These are the businesses that are/are not exempt in San Antonio’s ‘Stay Home, Work Safe’ orders
So-called essential businesses are exempt from the order. But what are they?
SAN ANTONIO – Stay Home, Work Safe” emergency orders issued by San Antonio Mayor Ron Nirenberg and Bexar County Judge Nelson Wolff went into effect Tuesday night, but many people are still left with questions about which businesses must close and which are exempt.
In terms of enforcement, Bexar County is going to mirror efforts by the City of San Antonio, according to Bexar County District Attorney Joe Gonzales. “We’re not going to be looking to enforce violations,” Gonzales said. “We are going to operate under the assumption that you have a legitimate need to be out on the street.”
Gonzales, along with Deputy City Attorney Liz Provencio, Civil Section Chief of the Bexar County District Attorneys Office Larry Roberson and Director of Government and Public Affairs for the City of San Antonio Jeff Coyle provided insight into what’s exempt and what isn’t in a Q&A session Tuesday night.
What businesses are exempt from the emergency order?

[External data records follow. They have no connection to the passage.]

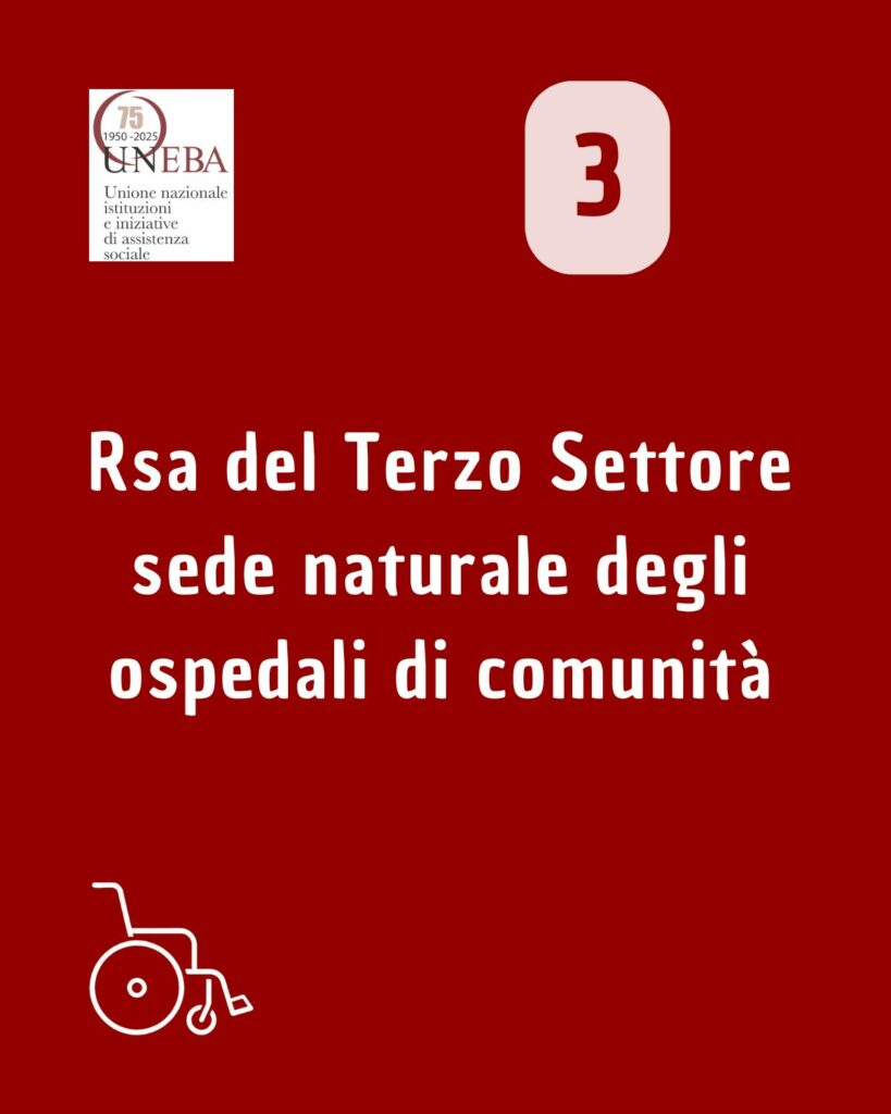 - Riconoscere il ruolo delle Rsa del Terzo Settore come sede naturale degli ospedali di comunità, evitando sovrapposizioni
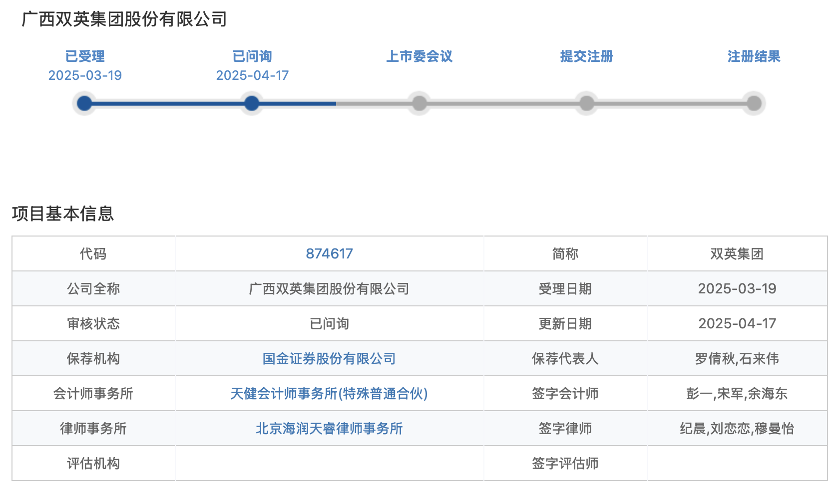 4月17日,根据北交所审核项目动态,广西双英集团股份有限公司(简称“双英集团”)IPO审核状态为“已问询”。3月19日,双英集团向北交所递交了上市招股书并获受理,保荐人为国金证券。
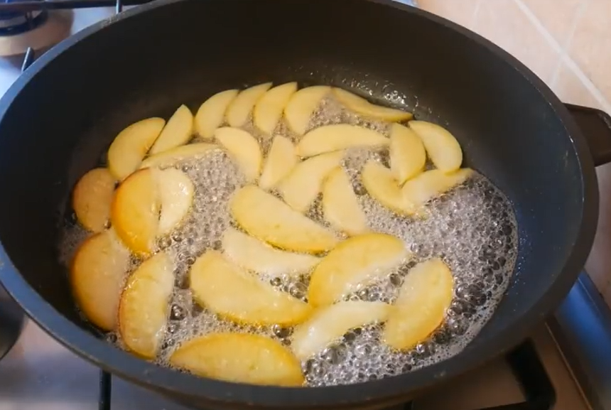 Важно воткнуть ее в тесто, а не в яблочные дольки. Если она останется сухой, значит наше тесто готово
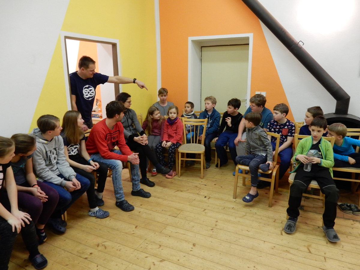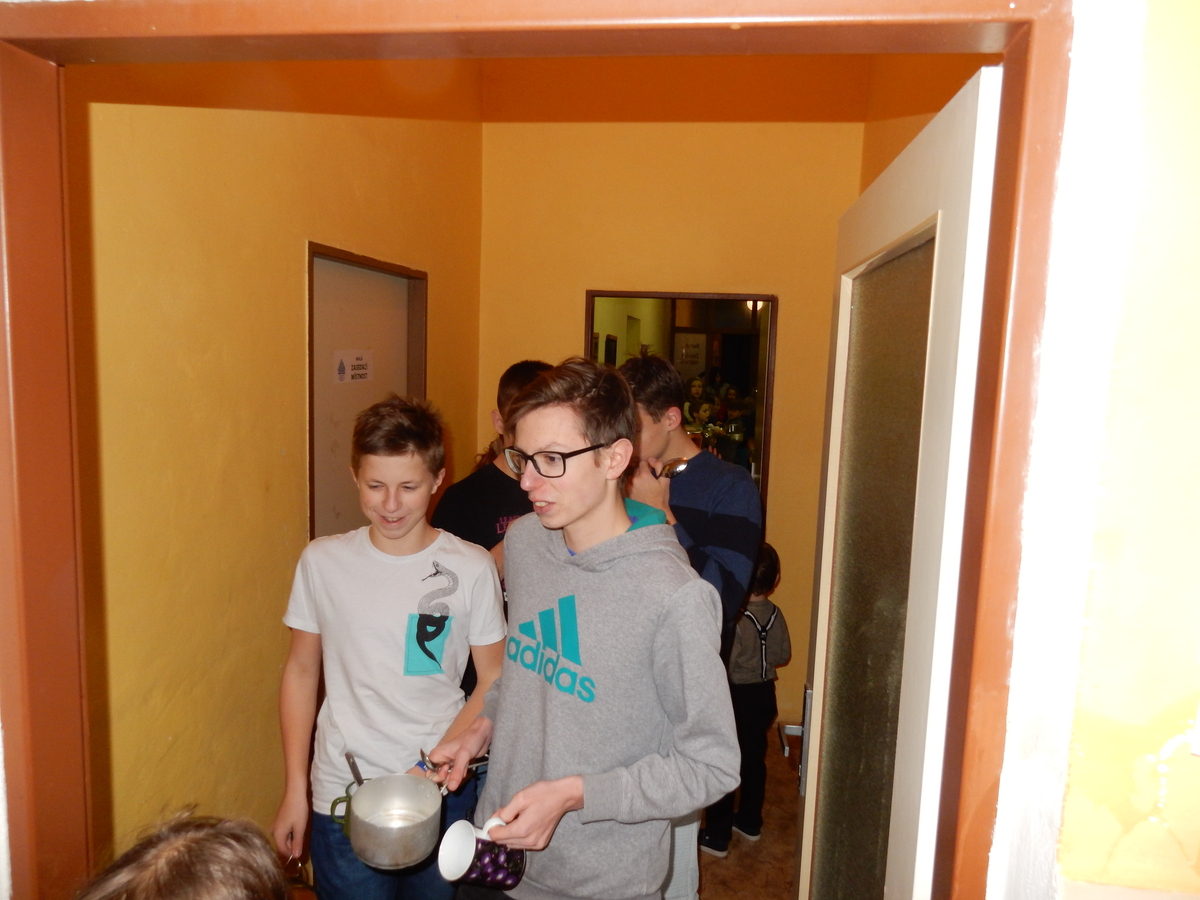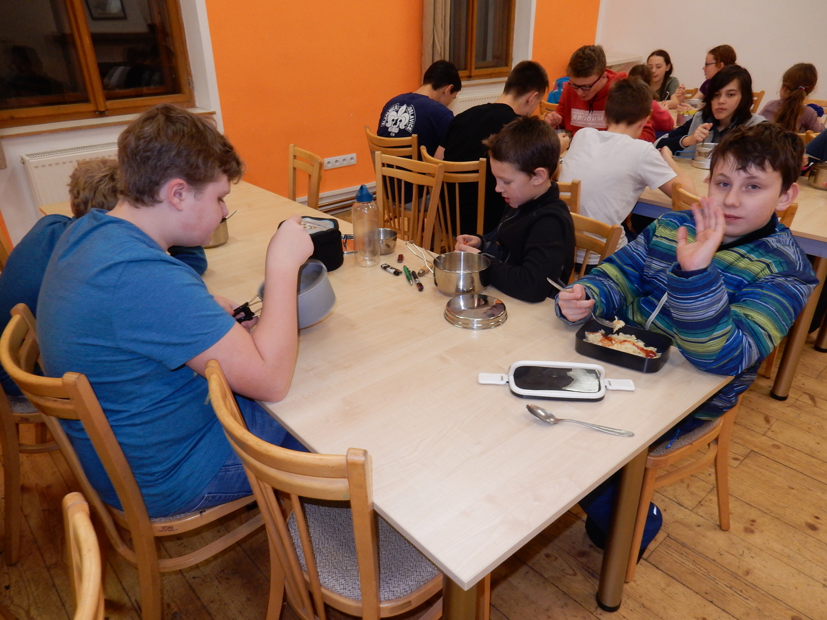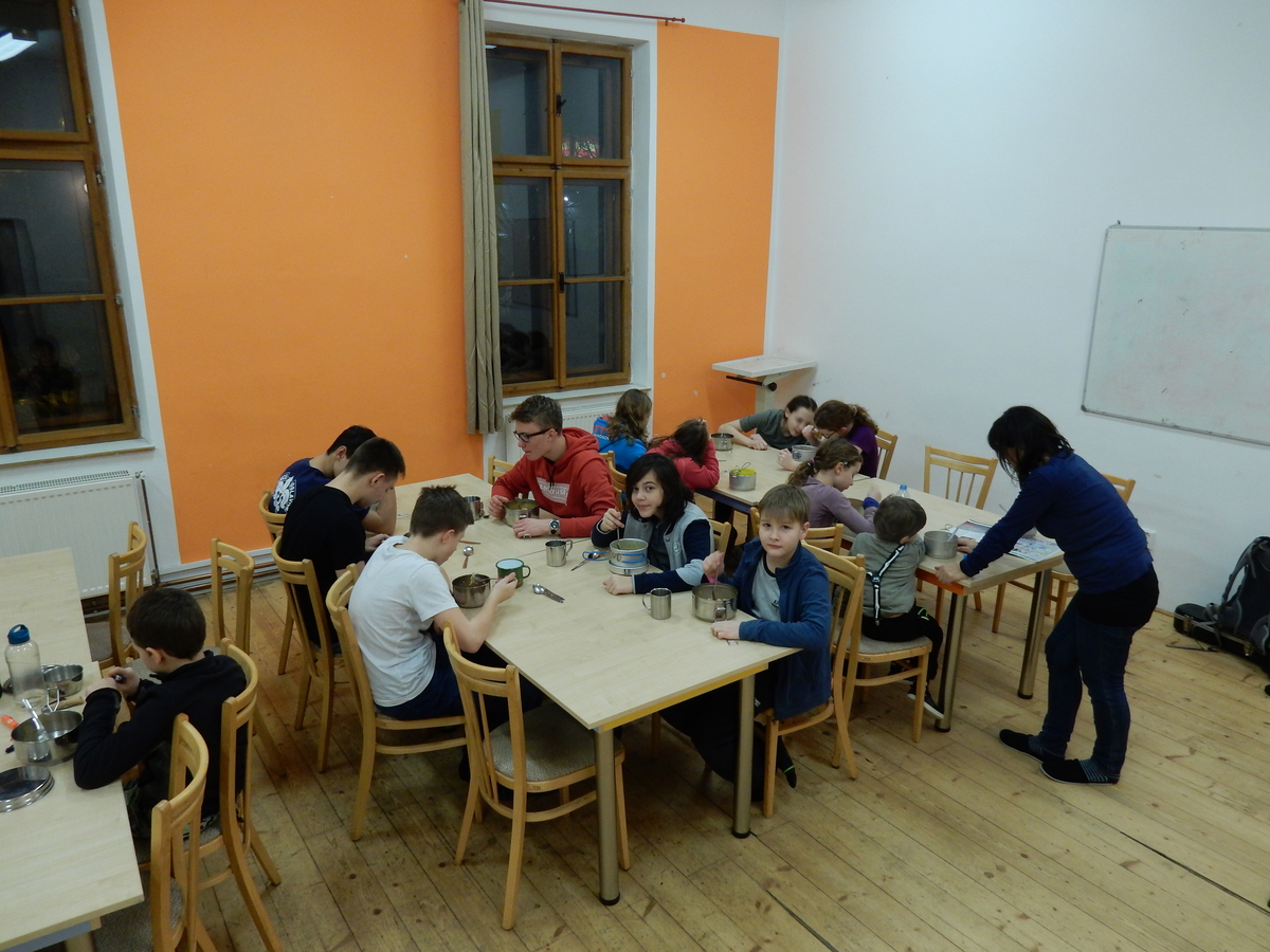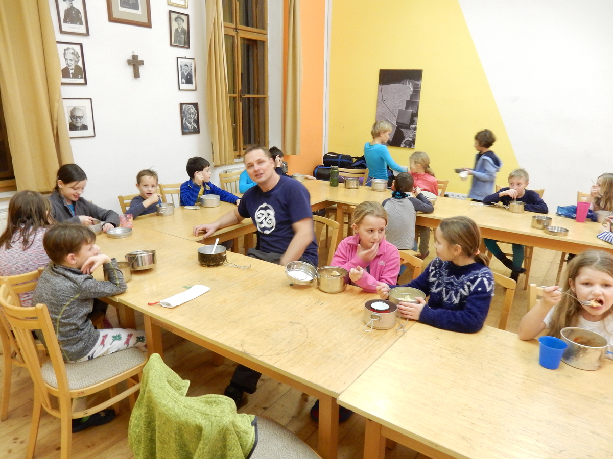 1.-3.2.2019 V září loňského roku jsme zaznamenali další příliv nováčků do oddílu, proto bylo jasné, že na zimní výpravu bude třeba najít dostatečně velkou základnu, která nás pojme. To se nám podařilo v Olomouci. Přihlašování bylo tentokrát premiérově přes nový oddílový systém DvojkIs a věřte nebo ne, nakonec nás na výpravu jelo 73. To je absolutní rekord, víc nás nebylo ani na žádném podzimním čtyřdenňáku a na těch bývá účast vždy lepší, než v zimě. A jely s námi poprvé i Hukvaldské Lišky. Sraz byl v pátek v 7:30 ráno u Radnice. Na etapy jsem se posunuli do Brna, kde na nás u Grandu čekal speciálně přiobjednaný spoj Student Agency s pohodovým řidičem za volantem. Ten nás dovezl až k nádraží v Olomouci a i když slíbené filmy nefungovaly, cesta byla v klidu. Pešo se asi kiláček nebo dva suneme k místnímu Skautskému domu, kde nás očekává místní správce Soptík. Než vedoucím ukáže ubytovnu, koulují se děcka venku sněhovými koulemi a náramně se při tom baví. Uvnitř obsazují naši členové tělocvičnu a každý si nachází místečko pro spaní. Vedlejší prostornou místnost rezervujeme Liškám. Kromě toho máme k dispozici dvě velké a jednu malou místnost nahoře a kuchyňku. Tu malou zabydlí Draci spolu s některými vedoucími, ve zbylých dvou budeme jíst a hrát hry. Než se tak stane, přicházejí i Lišky. Corado kempí v kuchyňce a vybírá od členstva jídlo, Džany zase v jedné ze společenských místností vybírá peníze. Poté vyrážíme do města. Na náměstí je to asi dva kilometry. Jdeme sněhem lemovanými chodníky, na náměstí je sněhu také hodně. Teplota ovšem strmě stoupá a sníh se takřka před očima mění ve vodu. Před orlojem na Horním náměstí se nejprve společně fotíme, pak rozděluji přítomné do 11 skupinek a vysvětluji hru. Účelem je navštívit 7 vybraných zajímavých míst v centru Olomouce a na každém něco zjistit. Skupinky musí putovat společně, nikdo se nesmí oddělit či někde ztratit a také je třeba místa opravdu vidět, ne jen věci do tabulky vyptat od kolemjdoucích, nebo dokonce vygooglovat. Na druhé straně soutěž není závodem na čas, jde o to si místa prohlédnout a hru užít, ne propotit oblečení. Zkrátka odměněna bude každá skupina, která v daném čase (1 hodina) dokáže věci zjistit. Mrňousci se poté rozbíhají do všech světových stran, vedoucí jdou buď s nimi, nebo si jdou někam sednout. Já jdu na lov turistických známek, ale je to nějaké smolné - ze tří, co ještě na Boudě nemáme, získávám jen jednu jedinou. Po uplynutí soutěžní hodiny mají členové ještě hodinový rozchod, po rozchodu soutěž vyhodnocuji. Sedm bodů mají jen dvě skupiny, většina má bodů pět a je tu i jedna nejmenovaná tlupa zoufalců, co nasbírala za celý čas bod jediný :-). Členstvo během chviličky spořádá sladké odměny a může se jít do akvaparku. Není to daleko, snad 3 nebo 4 kiláky. Na městskou výpravu toho ale nachodíme dost. Nevím kdo vymýšlel v akvaparku systém zamykacích skříněk, shodujeme se ale, že blbější bychom hledali jen velmi těžko. Když pak u východu místo prostého odevzdání čipu musíte tento přiložit ke čtečce, pak ho zanést na recepci a s papírkem jdete zpět k turniketu, který vás propustí, to už nic neříkáme jen se smějeme na celé kolo. Škoda, že si místní nezajeli pro inspiraci třeba do Vyškova. Uvnitř je to ale super. Dva tobogány, sauny, vířivky, bazén s atrakcemi... Voda teploučká, plavčíci normální. Nenudí se určitě nikdo a 90 minut uběhne jako nic. Zpět na základnu jedeme šalinou a kousek autobusem. Na místě nás už čekají Radek s Fufem a hlavně plný hrnec výborných těstovin s kečupem nebo s pestem. Skvělá večeře, myslím, že jsem nebyl sám, kdo si přidal. S plnými bříšky se pak suneme s židličkami do volné místnosti a hrajeme nejprve Seznamovačku a poté Vyměňovanou. Členstvo se nejen výborně baví, ale také mezi sebou trošku lépe poznává. Sám si už pamatuju skoro všechny naše nováčky a dobrou polovinu Lišek z Hukvald. Vše má ale svůj konce, i dnešní den. Hygiena, uložení k spánku. Pár neukázněnců sice noční klid malinko narušuje, i oni ale brzy usínají. Vedoucí se mohou v klidu poradit o zítřejším programu a pak plynule navázat zpěvem a hraním na kytárky. Vždyť noc je ještě mladá... -------------------------------------------------------------------------------------------------- "A proč zrovna Veverky musí chystat snídani? Vždyť jsem ji chystaly předloni na Březinách!" ptají se některé členky druhé nejstarší dívčí oddílové družiny poté, co je Radek žene do kuchyně. Jdou ale poslušně a když zaslechnou Klouba, jak svolává ostatní na rozcvičku, umlknou docela a spokojeně mažou chleby. No uznejte, je to furt lepší, než venku dělat kliky :-). Po snídani balíme věci a jde se na autobus, přidává se k nám i Elektronek s Ivetkou. Naší ambicí je posunout se na Svatý Kopeček a navštívit místní vyhlášenou ZOO. To by ovšem v Olomouci nesměly místo normálních autobusů jezdit jakási zakrslá nedochůdčata. Ať se snažíme, jak se snažíme, desítka starších a vedoucích zůstává na chodníku. Naštěstí je mezi námi zapomenutými a opuštěnými i Fuf, který je zde v Olomouci autem. Na 2x nás veze na Kopeček, takže jsme tam ještě dřív, než zbytek tlupy, co se do autobusečku vešel. Kupujeme hafanec lístků a po družinkách jdeme obdivovat zvířata. Kolem taje, je nějakých 10°C a nádherně svítí sluníčko. Některé družiny to pojímají jako vycházku, jiné hrají zjišťovací hru, některé to berou jako bufet tour. Vracíme se na základnu v různých časech (aby nás ta místní "nedochůdča

- Air-craft manufacturing, maintenance, repairs
- Bicycle repair shops
- Call centers
- Car dealerships
- Car wash
- Cleaning services (Home, office, etc.)
- Delivery services (FedEx, UPS, etc.)
- Farmers markets
- Food delivery services
- Food trucks
- Funeral businesses
- Golf courses
- Hardware stores
- Healthcare providers - including chiropractors, etc.
- Home maintenance
- Home-based babysitting
- Law offices
- Lawncare, landscaping
- Liquor stores
- Moving companies
- Pet-related businesses
- Plumbers, electricians, home repair/maintenance
- Private recycling services
- Tire shops
- Taxi, Uber, Lyft, Car rental
- Tow trucks
Places of worship are expected to use video conferencing or teleconferencing.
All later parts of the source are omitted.